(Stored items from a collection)
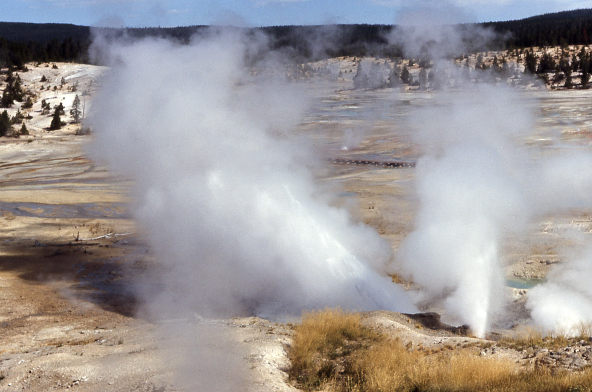 Ledge Geyser, Norris Geyser Basin, Yellowstone National Park, Wyoming
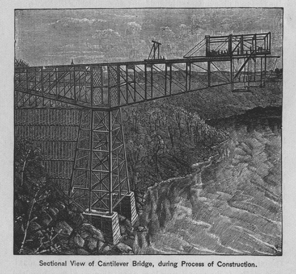 "Sectional View of Cantilever Bridge, during Process of Construction" from Illustrated Guide to Niagara Falls, Buffalo and Neighboring Points of Interest, also titled A New Guide To Niagara Falls And Vicinity, Giving A Full And Complete Description of Niagara Falls, Suspension Bridge, Buffalo, Rochester, Ontario Beach, Toronto, Lockport, Tonawanda, Lewiston, Niagara-On-The-Lake, Chautauqua, And Other Places Of Interest.
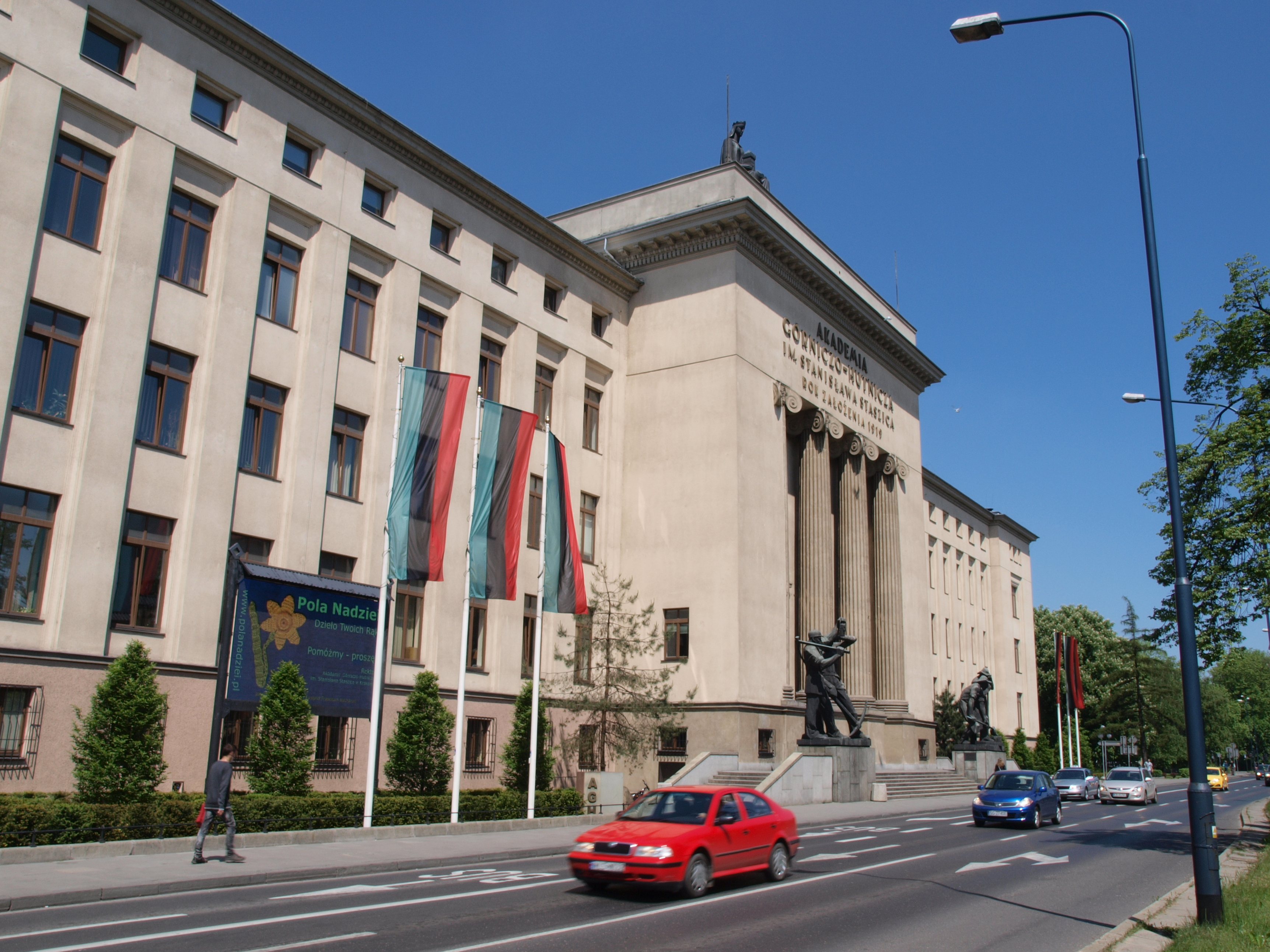 A0, the main building of AGH University of Science and Technology in Kraków, Poland, at Mickiewicza Avenue.
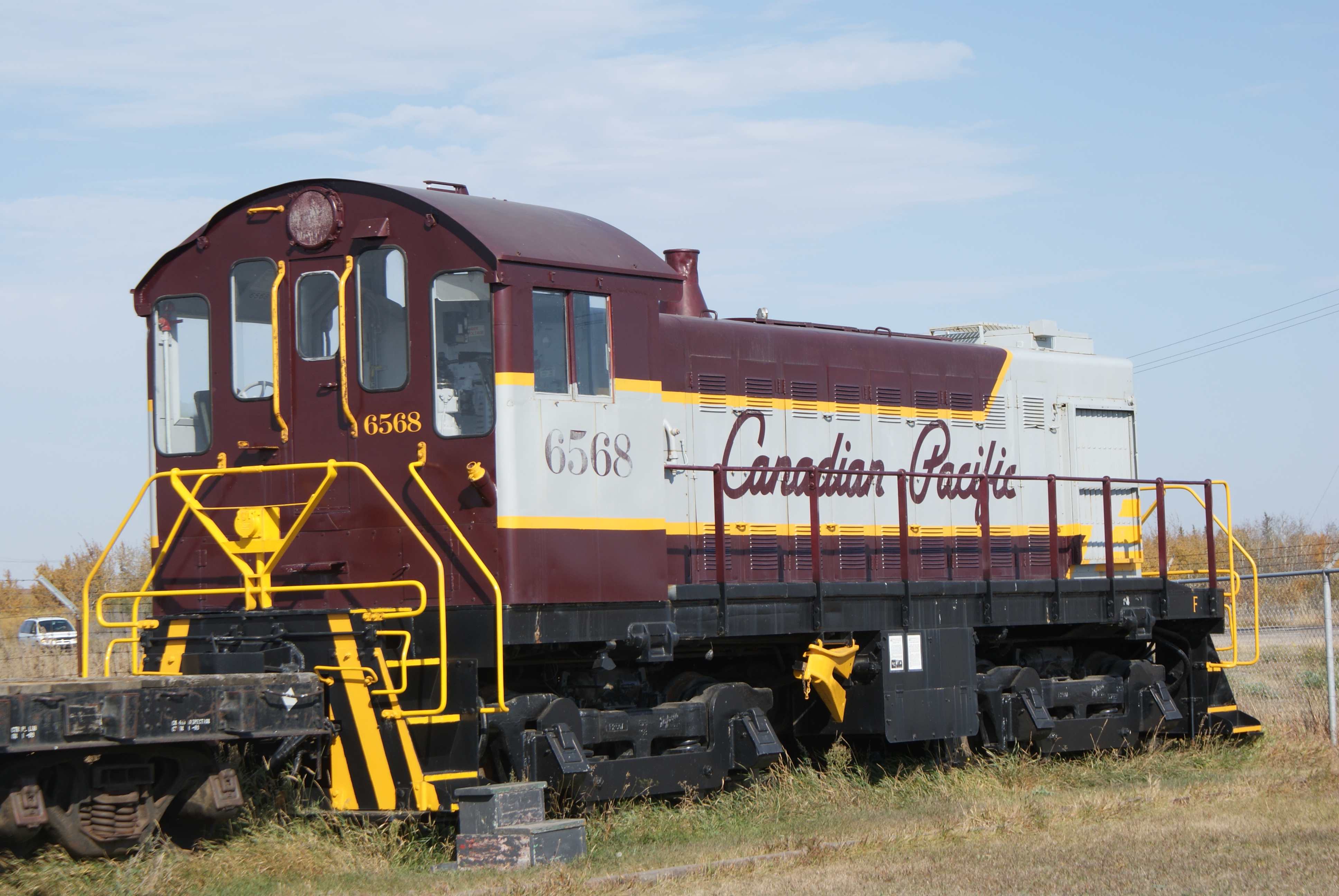 Saskatchewan Railway Museum Canadian Pacific Railway S3 diesel electric locomotive #6568 constructed in 1957 by Montreal Locomotive Works. According to the SRM, it has a 660 horsepower McIntosh and Seymore 539 diesel engine which operates a General Electric generator. The electricity produced is 600 volts direct current which turns four traction motors driving each axle. This locomotive was used in Sutherland CPR train yards. This particular railway locomotive is a light switcher and was used to switch cars between tracks in the Sutherland train yards.
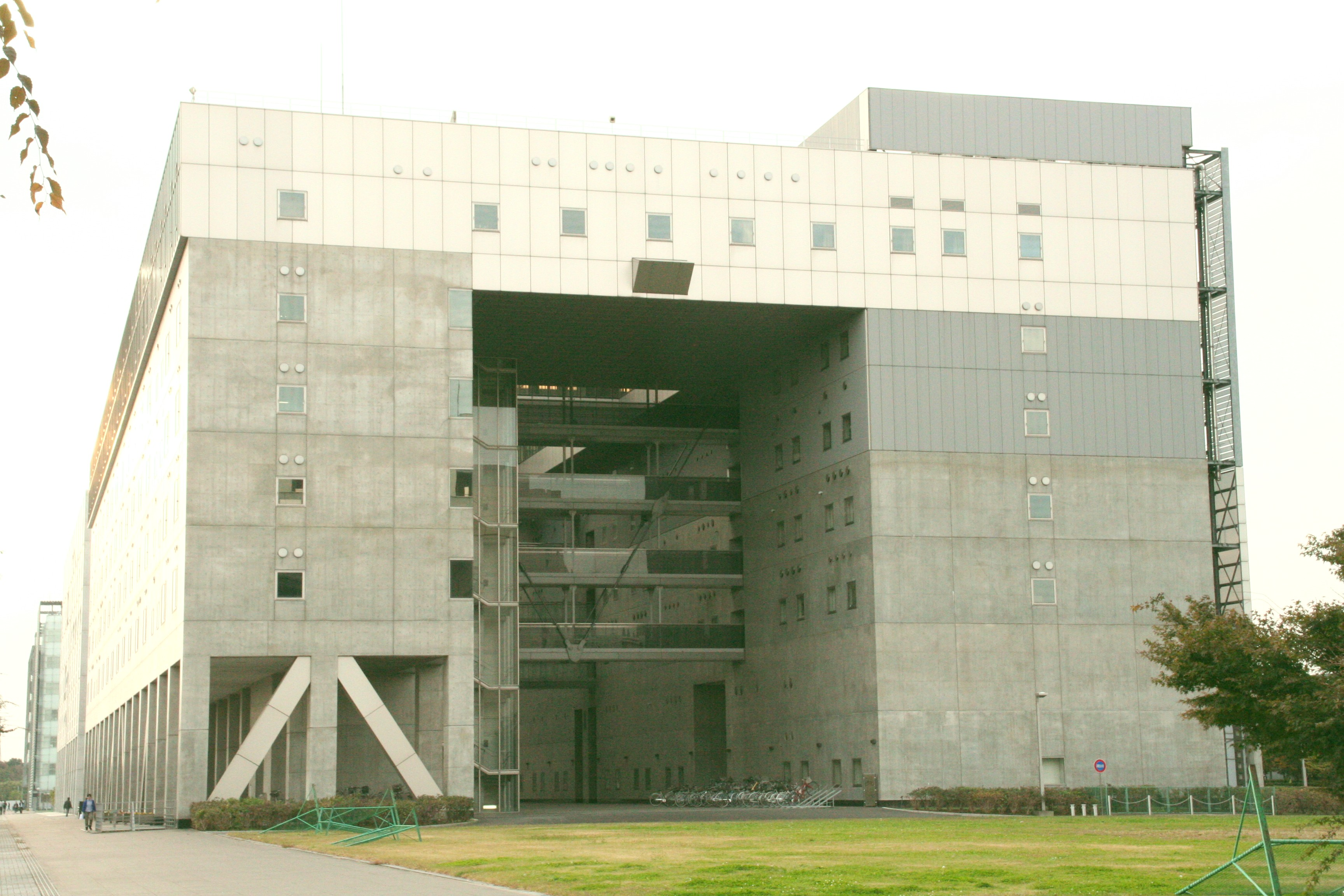 Institute for Cosmic Ray Research. Kashiwa canpus, Tokyo University. 東京大学宇宙線研究所が入居しているビル。

_What you need to do_
Restate the records above in full, word for word. Keep pictures out.

_Reply to the task_
 Ledge Geyser, Norris Geyser Basin, Yellowstone National Park, Wyoming
 "Sectional View of Cantilever Bridge, during Process of Construction" from Illustrated Guide to Niagara Falls, Buffalo and Neighboring Points of Interest, also titled A New Guide To Niagara Falls And Vicinity, Giving A Full And Complete Description of Niagara Falls, Suspension Bridge, Buffalo, Rochester, Ontario Beach, Toronto, Lockport, Tonawanda, Lewiston, Niagara-On-The-Lake, Chautauqua, And Other Places Of Interest.
 A0, the main building of AGH University of Science and Technology in Kraków, Poland, at Mickiewicza Avenue.
 Saskatchewan Railway Museum Canadian Pacific Railway S3 diesel electric locomotive #6568 constructed in 1957 by Montreal Locomotive Works. According to the SRM, it has a 660 horsepower McIntosh and Seymore 539 diesel engine which operates a General Electric generator. The electricity produced is 600 volts direct current which turns four traction motors driving each axle. This locomotive was used in Sutherland CPR train yards. This particular railway locomotive is a light switcher and was used to switch cars between tracks in the Sutherland train yards.
 Institute for Cosmic Ray Research. Kashiwa canpus, Tokyo University. 東京大学宇宙線研究所が入居しているビル。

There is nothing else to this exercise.